## [YOUR INSTRUCTIONS]
Pull out of the data below the stretch of lines bounded by the one containing "Next, I opened" and the one containing "Комплект Erolanta® Tatyana: пояс", both bounds included, unchanged.

## [DATA FOR THIS TASK]

↓

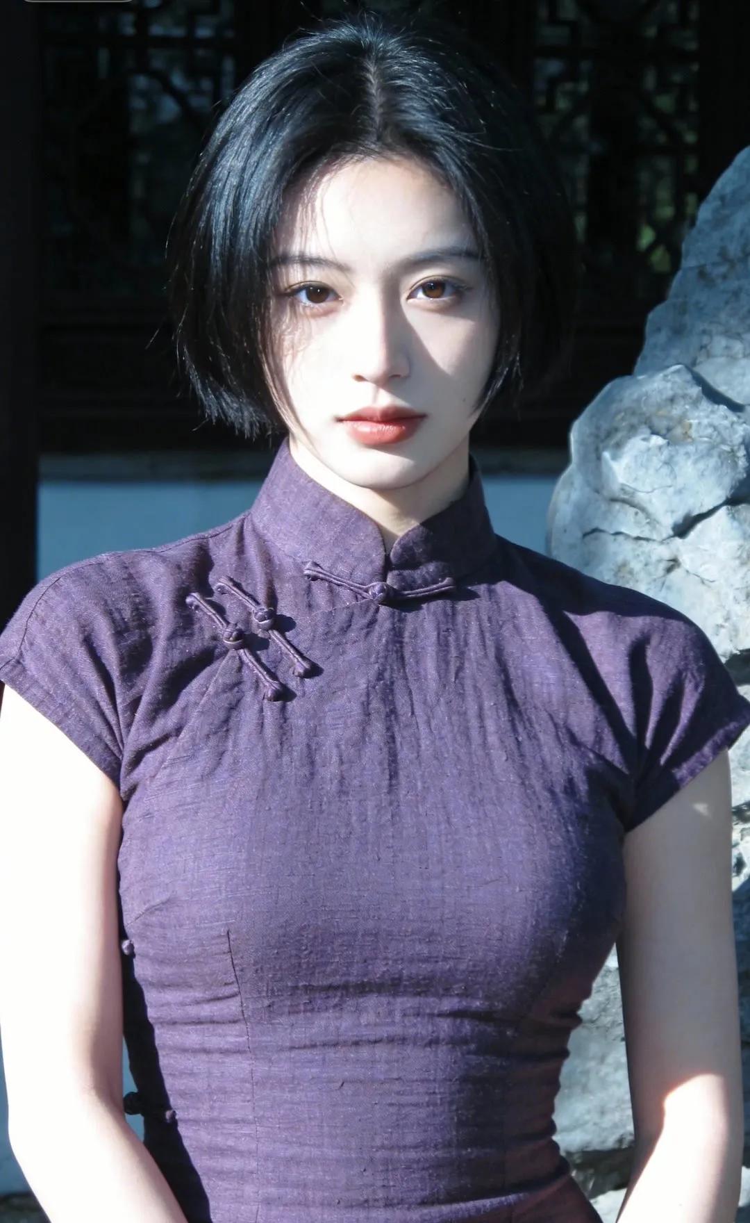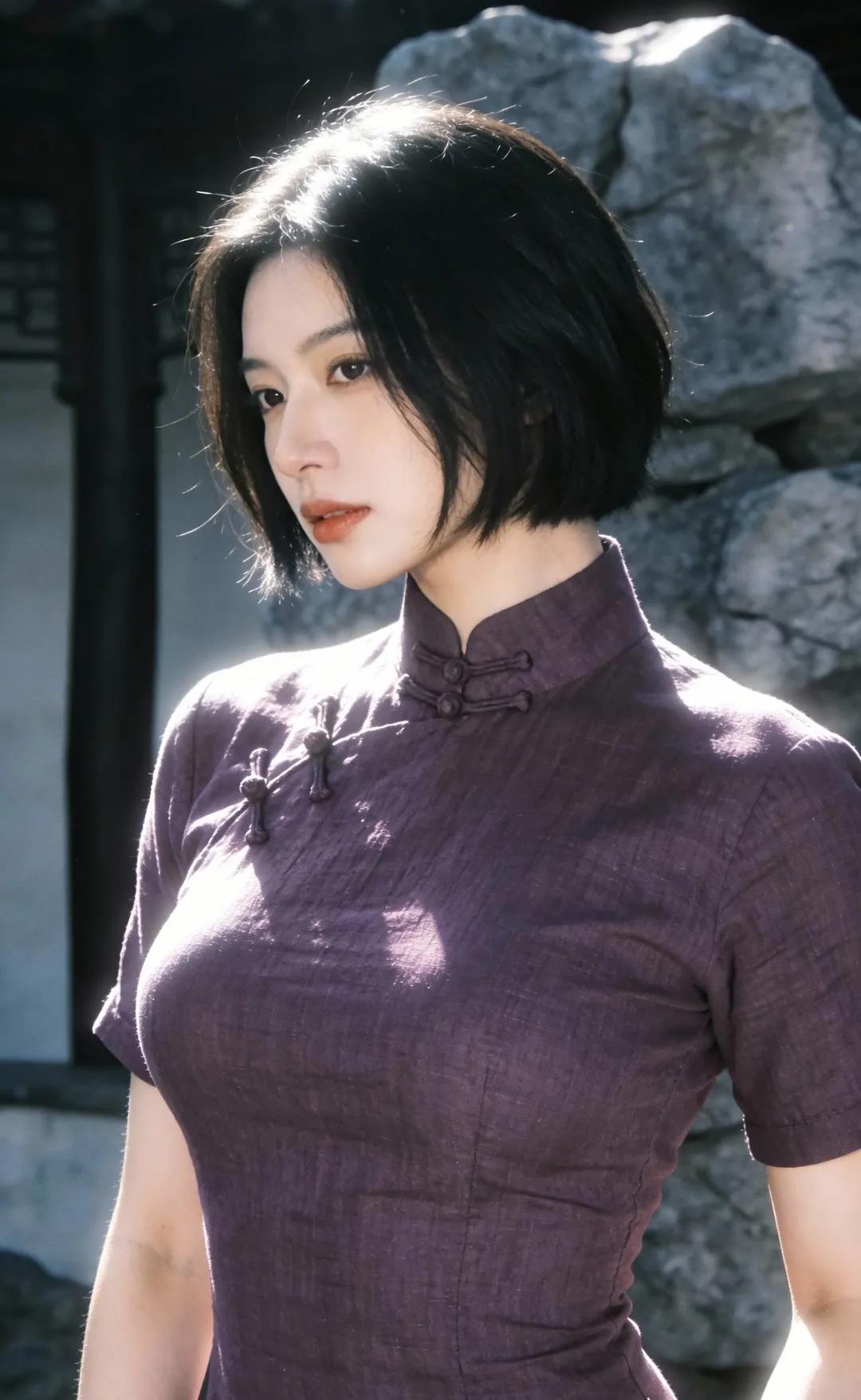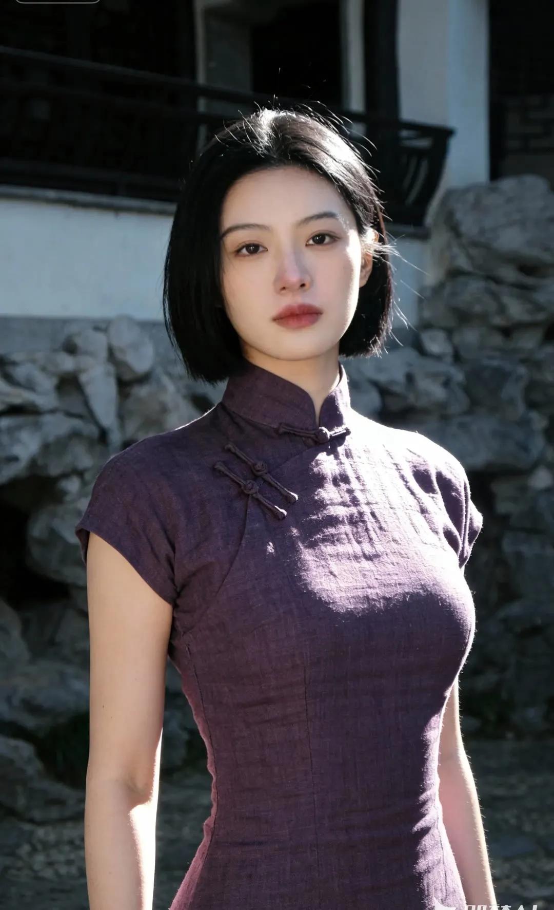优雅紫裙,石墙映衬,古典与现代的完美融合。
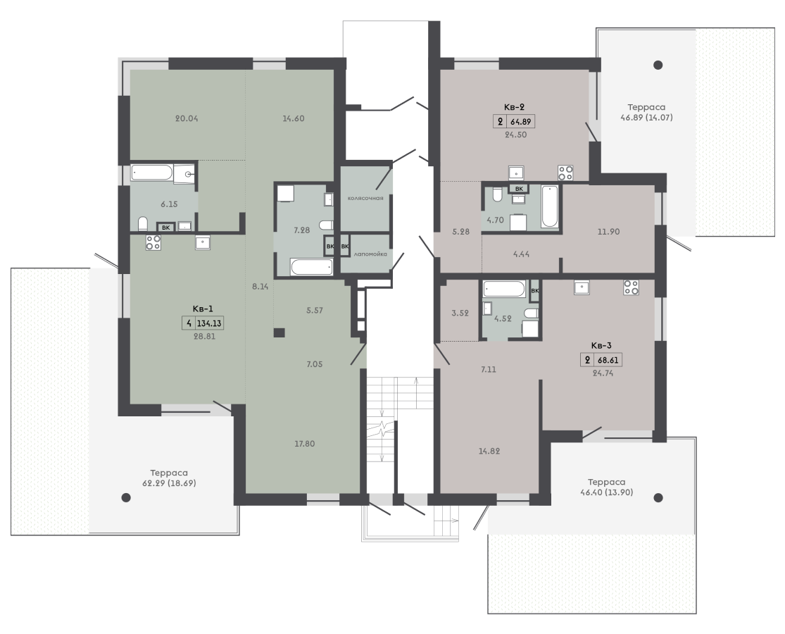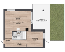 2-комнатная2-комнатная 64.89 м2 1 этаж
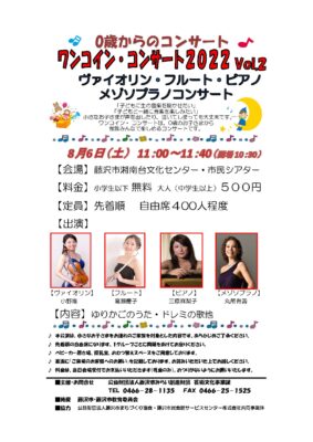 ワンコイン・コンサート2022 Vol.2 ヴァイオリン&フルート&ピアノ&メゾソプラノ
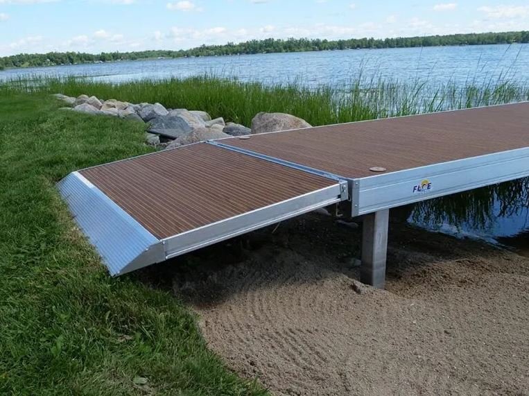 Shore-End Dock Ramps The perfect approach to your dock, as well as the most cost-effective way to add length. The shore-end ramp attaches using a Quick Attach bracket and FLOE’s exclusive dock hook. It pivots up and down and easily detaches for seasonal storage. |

↑
↓

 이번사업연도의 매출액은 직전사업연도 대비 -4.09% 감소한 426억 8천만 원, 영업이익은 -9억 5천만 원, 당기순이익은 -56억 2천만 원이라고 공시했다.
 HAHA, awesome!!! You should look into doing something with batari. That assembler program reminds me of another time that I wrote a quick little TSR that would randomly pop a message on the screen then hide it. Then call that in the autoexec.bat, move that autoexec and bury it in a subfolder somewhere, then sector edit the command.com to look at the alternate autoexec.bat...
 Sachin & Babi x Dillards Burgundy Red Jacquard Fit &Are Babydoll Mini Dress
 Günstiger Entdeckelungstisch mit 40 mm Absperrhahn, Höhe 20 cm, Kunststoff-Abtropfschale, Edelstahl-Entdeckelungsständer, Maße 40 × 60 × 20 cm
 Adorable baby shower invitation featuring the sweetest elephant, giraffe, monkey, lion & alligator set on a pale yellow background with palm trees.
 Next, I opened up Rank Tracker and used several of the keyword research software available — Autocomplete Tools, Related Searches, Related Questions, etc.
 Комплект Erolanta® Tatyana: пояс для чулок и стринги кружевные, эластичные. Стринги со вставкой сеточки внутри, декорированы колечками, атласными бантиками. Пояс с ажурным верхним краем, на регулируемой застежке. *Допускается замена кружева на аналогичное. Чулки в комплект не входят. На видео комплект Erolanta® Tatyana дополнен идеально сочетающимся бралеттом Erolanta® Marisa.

↑
↓

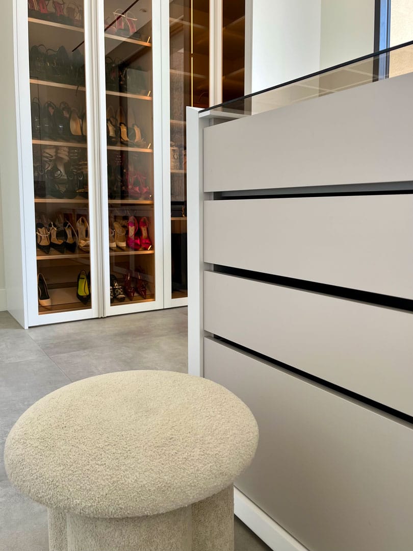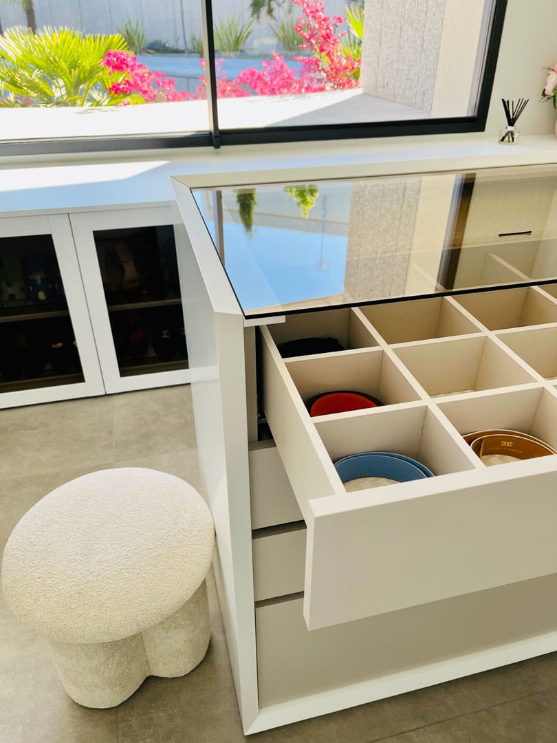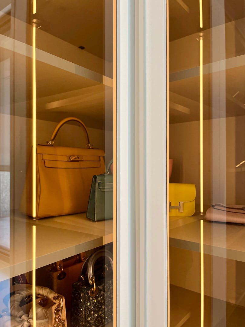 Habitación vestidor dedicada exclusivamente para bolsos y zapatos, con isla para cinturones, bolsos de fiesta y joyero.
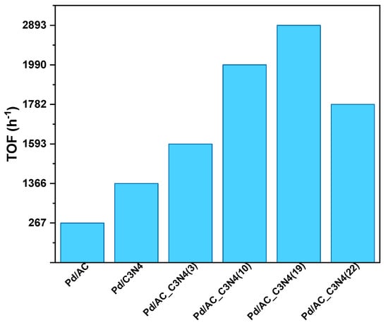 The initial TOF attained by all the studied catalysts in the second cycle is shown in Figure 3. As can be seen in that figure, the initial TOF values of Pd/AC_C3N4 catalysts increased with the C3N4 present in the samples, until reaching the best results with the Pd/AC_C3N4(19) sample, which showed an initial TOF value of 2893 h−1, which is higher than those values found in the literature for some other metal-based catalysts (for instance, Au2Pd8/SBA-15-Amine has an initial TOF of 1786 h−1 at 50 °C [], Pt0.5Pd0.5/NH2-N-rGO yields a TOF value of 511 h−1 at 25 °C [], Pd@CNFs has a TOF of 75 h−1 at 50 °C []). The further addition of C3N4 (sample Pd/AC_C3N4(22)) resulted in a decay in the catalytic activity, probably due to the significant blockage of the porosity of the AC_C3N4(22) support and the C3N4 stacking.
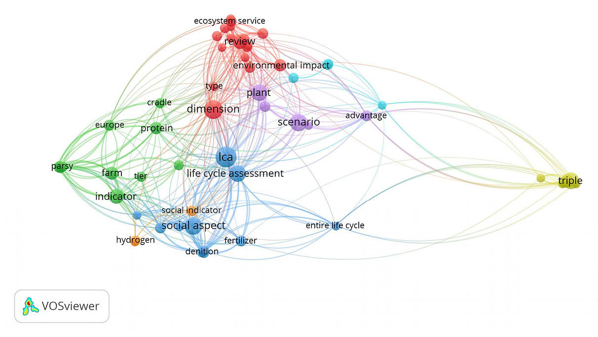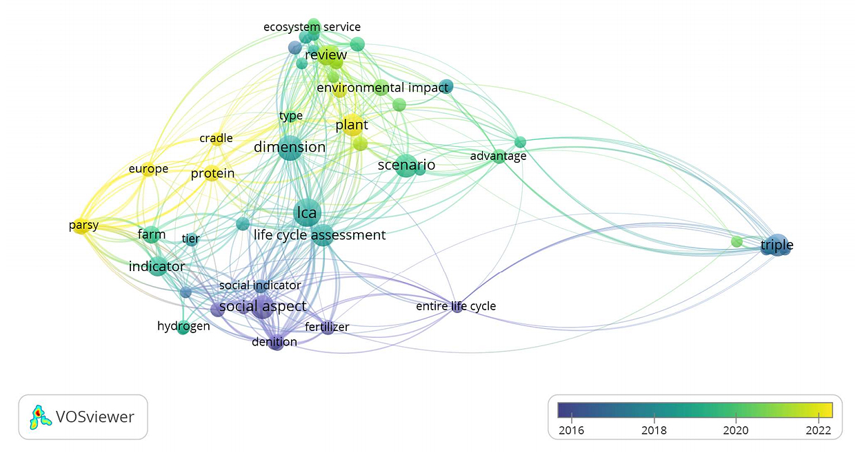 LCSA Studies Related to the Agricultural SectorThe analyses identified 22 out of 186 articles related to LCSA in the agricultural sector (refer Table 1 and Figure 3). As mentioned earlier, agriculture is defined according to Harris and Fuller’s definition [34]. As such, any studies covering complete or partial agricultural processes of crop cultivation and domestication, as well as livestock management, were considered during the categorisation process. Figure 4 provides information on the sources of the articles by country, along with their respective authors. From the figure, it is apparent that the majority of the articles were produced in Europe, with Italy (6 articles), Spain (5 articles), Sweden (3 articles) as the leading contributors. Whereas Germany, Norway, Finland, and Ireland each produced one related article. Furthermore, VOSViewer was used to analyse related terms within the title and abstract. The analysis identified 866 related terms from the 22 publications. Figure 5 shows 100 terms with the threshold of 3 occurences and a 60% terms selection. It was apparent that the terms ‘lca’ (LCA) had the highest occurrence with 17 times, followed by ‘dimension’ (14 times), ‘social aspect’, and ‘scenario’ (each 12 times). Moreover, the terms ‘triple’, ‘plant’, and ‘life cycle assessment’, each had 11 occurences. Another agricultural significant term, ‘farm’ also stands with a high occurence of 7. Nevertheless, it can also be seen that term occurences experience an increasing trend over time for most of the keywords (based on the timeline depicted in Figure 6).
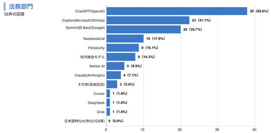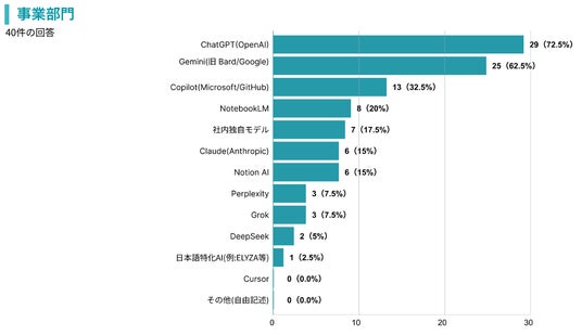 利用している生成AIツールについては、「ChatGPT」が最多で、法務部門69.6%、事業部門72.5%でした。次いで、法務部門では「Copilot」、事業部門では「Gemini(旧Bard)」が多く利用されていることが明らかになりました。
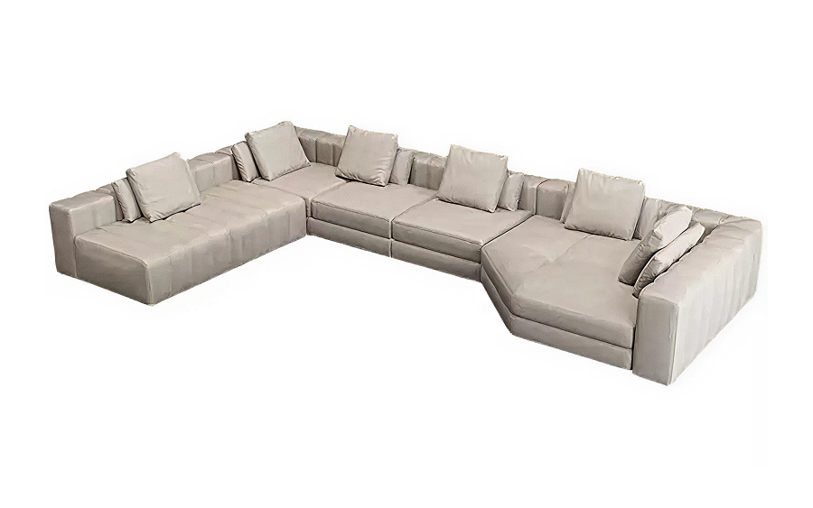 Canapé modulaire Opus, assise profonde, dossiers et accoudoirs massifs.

↑

## [RESPONSE TO THIS TASK]
 Next, I opened up Rank Tracker and used several of the keyword research software available — Autocomplete Tools, Related Searches, Related Questions, etc.
 Комплект Erolanta® Tatyana: пояс для чулок и стринги кружевные, эластичные. Стринги со вставкой сеточки внутри, декорированы колечками, атласными бантиками. Пояс с ажурным верхним краем, на регулируемой застежке. *Допускается замена кружева на аналогичное. Чулки в комплект не входят. На видео комплект Erolanta® Tatyana дополнен идеально сочетающимся бралеттом Erolanta® Marisa.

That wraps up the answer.